The chill air with wet hair bites at the nerves. We watch the sky. The sea and the fire…. and the feel of hands. They weave through my hair ….and this time in the night as I watch the shadows on the wall move in tune to the music that pounds upon the piano keys …. I forget who I am, where I am —I forget time and place


…. and disperse into the nonsense of senses to the rhythm of the Long Island ocean waves. It adds skewed dimension to dreams, such as warping images 


They melt into the fabric on the static, and senseless like shadows across the wall


there is only this. Yes, it is this. This sense that it does connect somewhere ….and …. I do hope it will find its way to me and within such lucid dreams, I feel into the great chasm beyond those leaps of faith and —know that here I do trust. Yes. Here I do. It is here— because here —I know…. without question 


and just grip so tight onto it; and with it, it comes like the warmth that spreads with the scent of cedar and sandalwood, and the silk of his hair —and without need to reflect, give up and wrap around pressing in to me, unconsciously awake, and like so many times we have once long before done this so like this, we move and join to each other in that age old embrace and where somewhere in consciousness and time, and wrap around him 


 under that big mysterious sky of characters  the waves crash


and take him upon the shore


****



It seems awhile that I stare into those waves. And the waves it seems I watch ….and the foam ….mix with cloudy images ….like thoughts…. like memories, water and waves and sky and foam ….that reflect like clouds in the stillness 


And I see his face …. I see another face ….beside his face ….I see another time 


and no he is not the pirate here nor the spy but another time …. he is younger but it is the same eyes ….and it is somewhere cold and …. the gold of his hair in the light —but he wears a black Cossack shirt —why should I see this now? ….I wonder looking at him, from —across the wide circle because ….


“Duva!”


I wake up

 

  he pulls me up from sleep with his hands under my arm pits with a slight jostle and stares at me —the same way as the dream and ….for a long moment I am frozen in mind; my thoughts  seem somehow misfired; mis-wired between unconscious worlds ….still within 


I stare at him. And touch his face. I trace his eyes with my finger tips staring into them …. with my eyes burning; I touch his mouth ….and then the bridge of his nose and mold my fingers across his face up to his cheek bones seeing ….so many ….many ….memories 


 but he stares at me intensely,


“duva….?” 


It is kind of a fraction more of moment where I feel myself reeled back into the present moment —by him 


He says,


“It was happening again—you were screaming.”

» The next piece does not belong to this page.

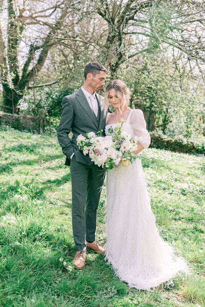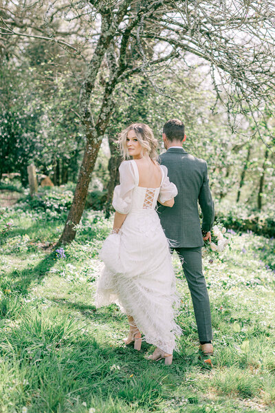 The bridal look is pure romance, with a dance-ready gown featuring floral embroidery, delicate feathers and beads, complete with gauzy puff sleeves, a square neckline and lace-up back – a dreamy blend of boho, retro and modern couture. A loose updo adorned with a floral headpiece, pearl-drop earrings and a blousy bouquet complete the look with an air of effortless romance. Not to be outdone by his bride, the groom wears a green wool three-piece suit, tan leather brogues and a petal-pink tie, complementing the fresh, nature-inspired palette.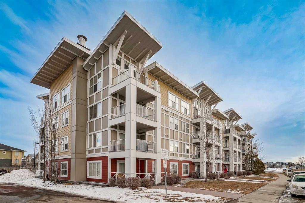 Welcome to the highly coveted LAKE community of Mahogany, where luxury living harmonizes with exceptional amenities. Discover the allure of this 2-bedroom, 2-bathroom CORNER unit, featuring over 900 sq/ft of living space. This residence exemplifies expert design, seamlessly blending character, style, and comfort from the interiors to the lush surroundings. Step into a space illuminated by abundant natural light, pouring through expansive oversized windows. The 9' ceilings and chic vinyl plank floors perfectly enhance the modern aesthetic. The kitchen is a culinary haven with stainless steel appliances, quartz counters, ceiling-reaching cabinets, a stylish backsplash, and a spacious island. The living and dining areas effortlessly flow together, creating an ideal space for entertaining. Adjacent to the living room, a patio door leads to your personal oasis, complete with a gas hookup and a spacious patio for outdoor furniture. Envision summer evenings with the WEST FACING exposure, basking in the sun. The primary bedroom, generously sized and thoughtfully designed, features a walk-in closet and a luxurious 3-piece ensuite with quartz countertops and a roomy shower. A cleverly separated second bedroom adds versatility, perfect for guests, children, or as a dedicated home office. Additional perks include in-suite laundry, a second 4-piece bath, and your personal AIR CONDITIONING unit for warm summer days. Experience the convenience of UNDERGROUND HEATED PARKING, an extra storage locker, and access to a fully equipped fitness studio on the main floor. Mahogany's offerings are unmatched, with serene wetlands, inviting walking paths, and a central park right at your doorstep. Don't miss the chance to embrace this remarkable lifestyle.

“Was I?” but all I remember is ….watching the water and—oh, yes, the dream when I saw —him?


“What’s wrong?” he asks me



Only does it occur to me that it is the middle of the night —and we are in the Spanish pirate’s giant bed —together…. so, what part was the dream that was so…. familiar


“Is something going on you’re not telling me, duva? What were you dreaming?”


“Why?” I ask him and—staring at how the moonlight’s shadows fall ….in hollows of his face which —distract and mesmerize me but wondering why he’d ask this, “something going on?”


But …. why is it that he just looks at me so oddly?